Let me start this entry with a curiosum. As far as I know, and I was born and raised in Germany, I am, in fact, a German, there is no exact equivalent to the English word “faith”, or indeed the Spanish word “fé” in the German language. I have elsewhere written about the pitfalls of translation, but here it is clear, “faith” and “fé” mean exactly the same, mainly the evidence of things not seen. And that paradigm, that concept does not exist in the German psyche. Unless I just haven’t come across it, which I find hard to believe.
Whatever, this entry is about the kind of faith even an atheist or agnostic can have. We tend to associate faith mainly with one or another religion, a deity, you name it. But it is basically an inner attitude of hope and believe, a certainty that things will turn out all-right. And of course, that inner attitude lends itself readily when associated with belief in God, a life thereafter, etc.
I personally have been a disciple/practitioner of various religions over the years, but faith has eluded me. But I’m working hard on getting it. Why? Because it hit me kind of recently, and it’s very simple: people with faith are having a better time!
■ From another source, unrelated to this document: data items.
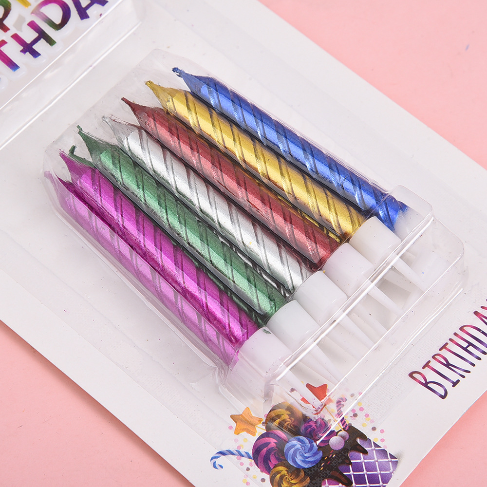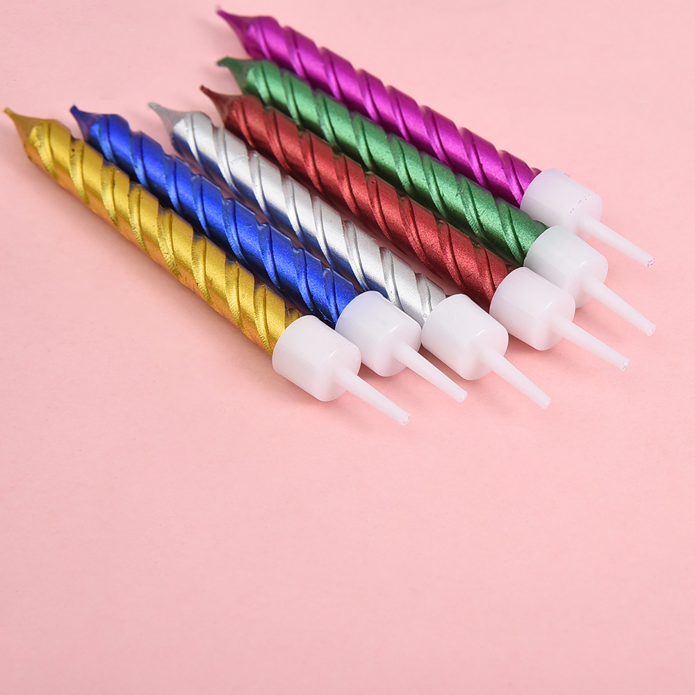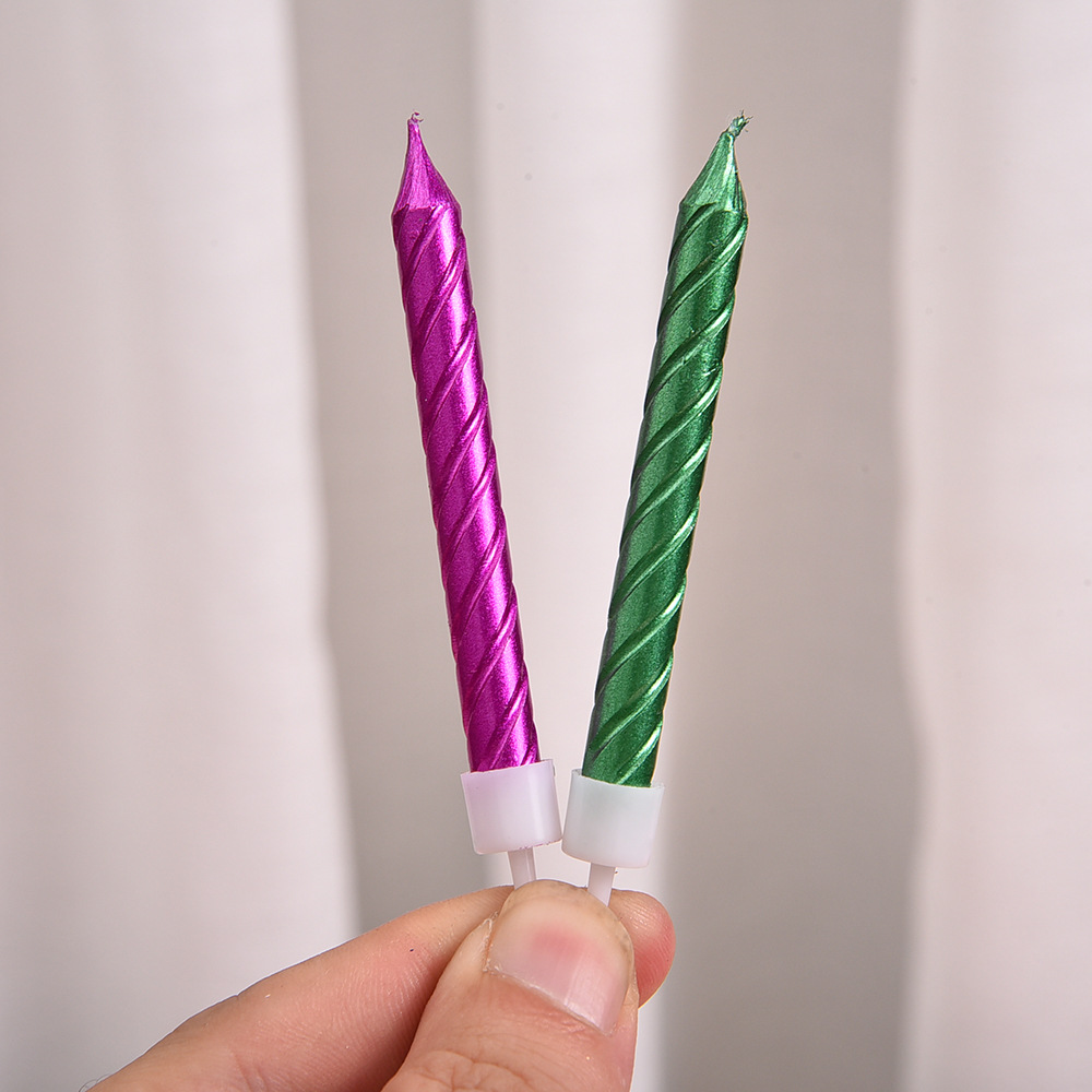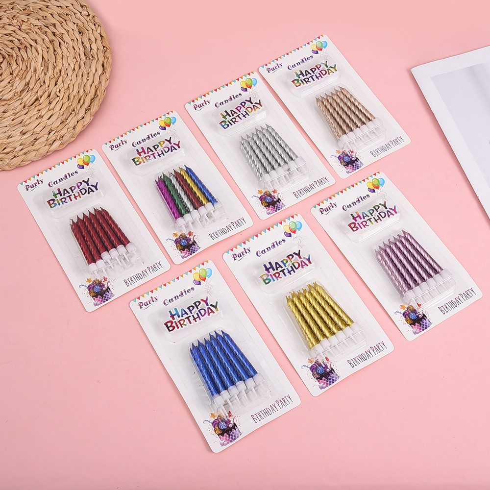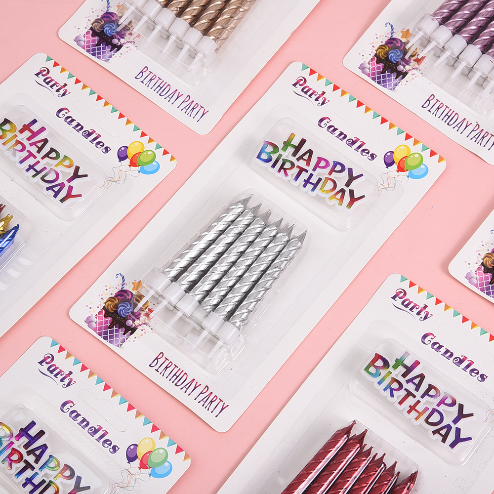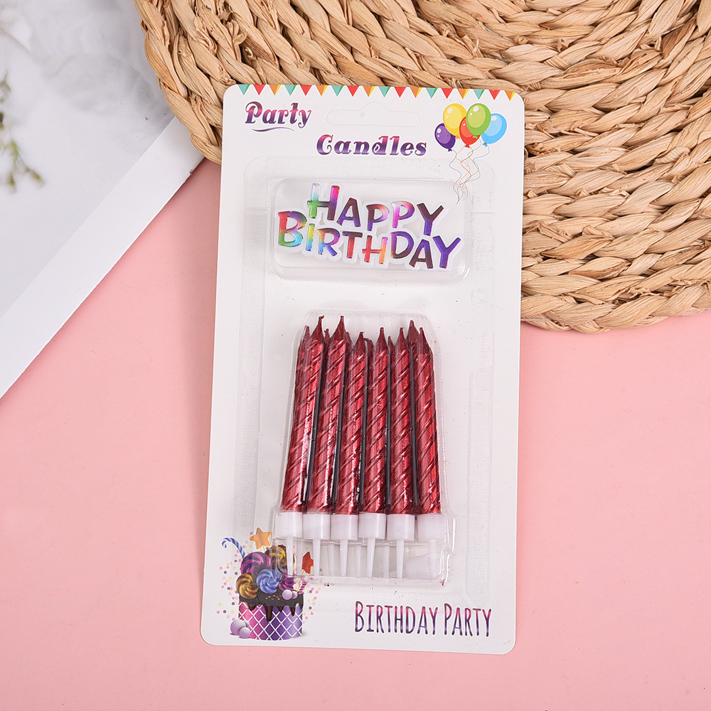 12支装浸漆螺纹带底座儿童生日蜡烛英文字牌浪漫派对蛋糕装饰用品
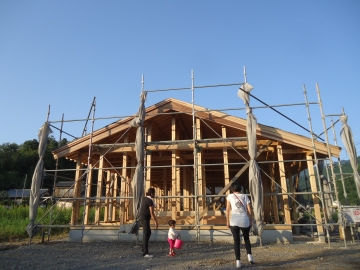 家の中は岐阜県産材の柱や丸太の梁が見える設計で棟上げを行いました。
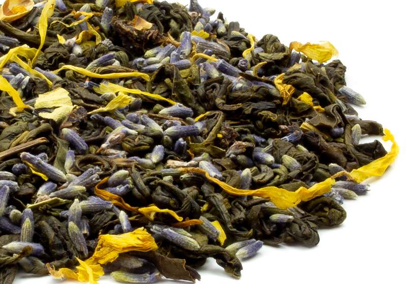 - Gunpowder green tea, lavender, lemon peel, calendula petals, and natural lemon flavor.
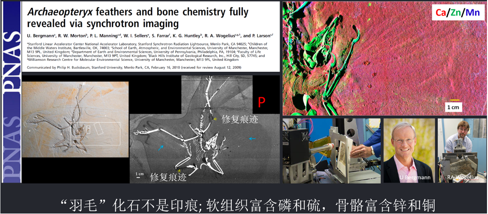 2009年,美国斯坦福同步辐射光源(SSRF)的实验室科学家尤.伯格曼(Uwe Bergmann)与英国曼彻斯特大学的地球化学教授罗伊·沃格里乌斯(Roy A Wogelius)合作,利用SSRF的同步辐射快速扫描X射线荧光技术(SRS-XRF),对发现自德国索伦霍芬的始祖鸟化石进行初步研究,获得了微米分辨率的元素分布图,从而开启了利用同步辐射光源,对珍贵的鸟类和恐龙等化石标本开展无损和原位研究的序幕。
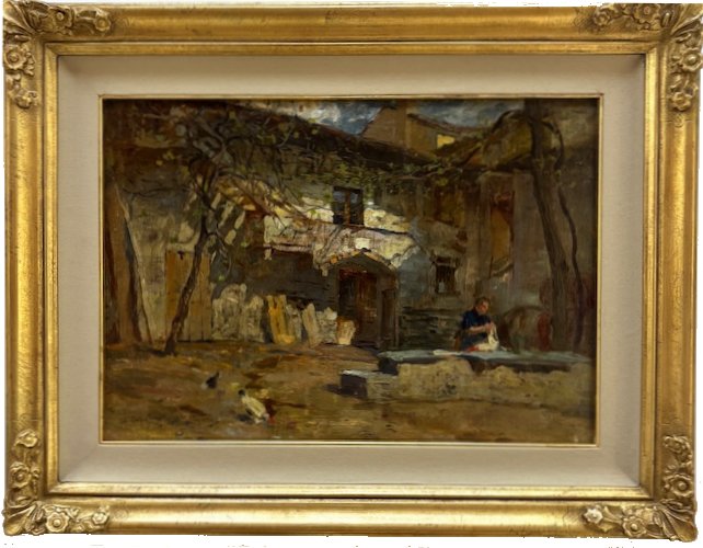 Riccardo Galli Milano 1869 - Barzio (LC) 1944 Lavando i panni Olio su cartone cm 35x51 firmato in basso a sx
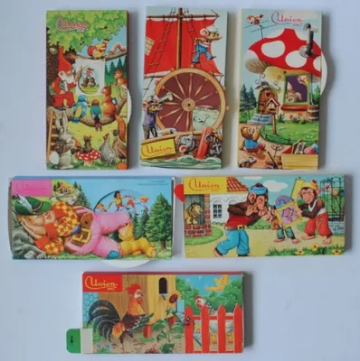 This item contains no English description. See the Dutch description: 6 verschillende dozen in nieuwstaat: Met sprookjesdraaischijf, kippenren, apen met Jan Klaassen, Klein Duimpje,...
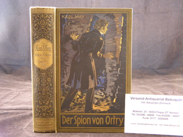 MAY, Karl: Der Spion von Ortry. Hrsg. von E.A. Schmid und Franz Kandolf. 1.– 30. Tsd. Radebeul (Karl May), ca 1925. 559 (1) S. farb. ill. OLn. schönes Ex. mit goldenem Rücken. = Gesammelte Werke, Bd. 58.
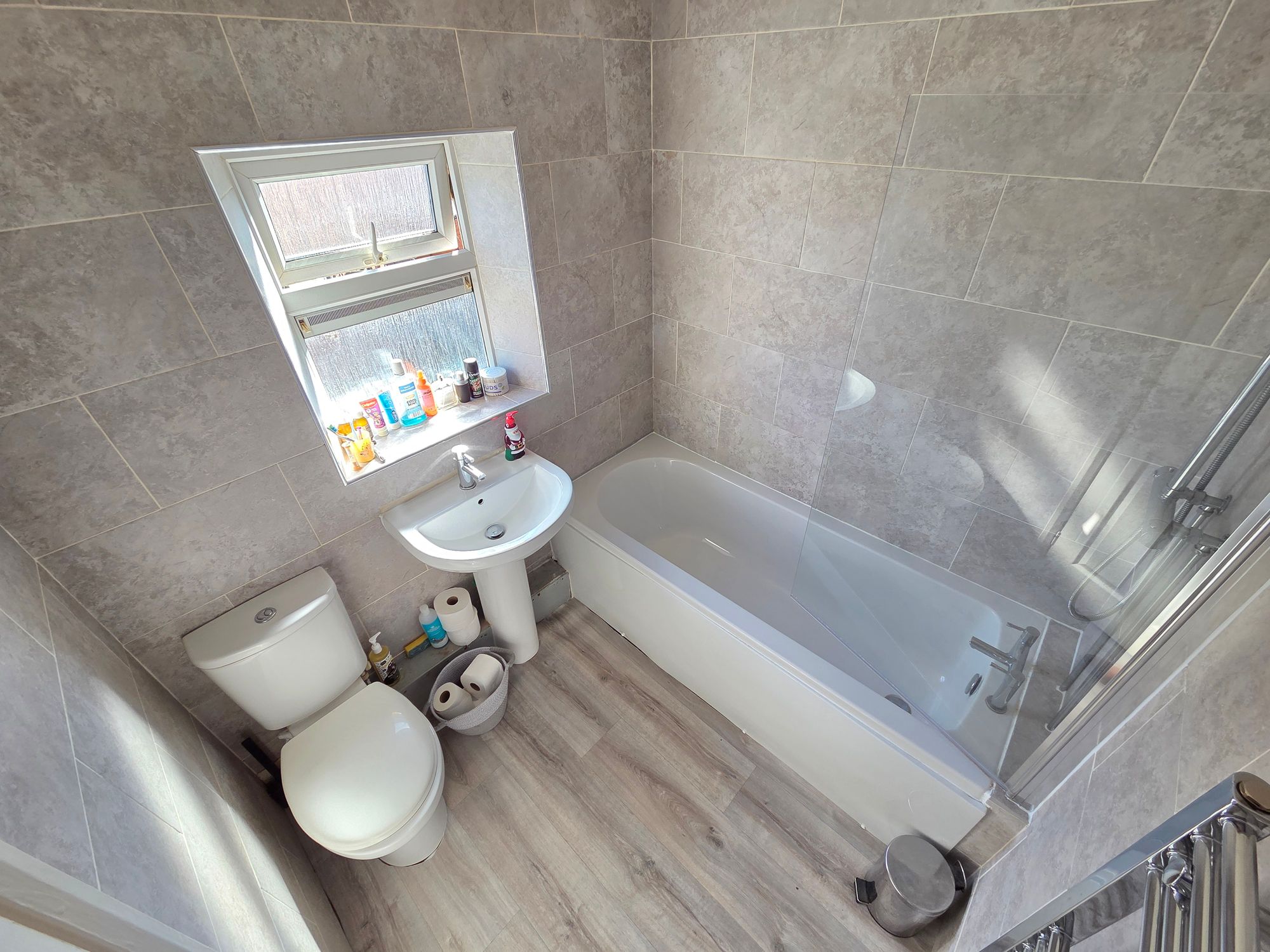BATHROOMComprising of a three-piece white sanitary ware in the form of low flush W.C, pedestal hand basin with chrome mixer tap over, bath with chrome mixer tap over and a mains fed shower with rain effect shower within with separate handheld attachment and glazed shower screen. The room has a ceiling light, fully tiling to walls, chrome towel rail / radiator and obscure uPVC double glazed window.

I don’t want to fall into clichés like ‘cup half empty' or 'cup half full’ and stuff like that. That was pretty cool in the nineties, but it has kind of worn itself out. But at this stage of my life I have come to realize that it absolutely doesn’t matter how I see the future.
Things happen the way they happen, good and bad, bingo, it’s called life. And I have to invest the same emotional energy for expecting good things to happen or bad. And since it doesn’t make a difference, I might as well go for the good stuff – at least I’m having a better time on the trip.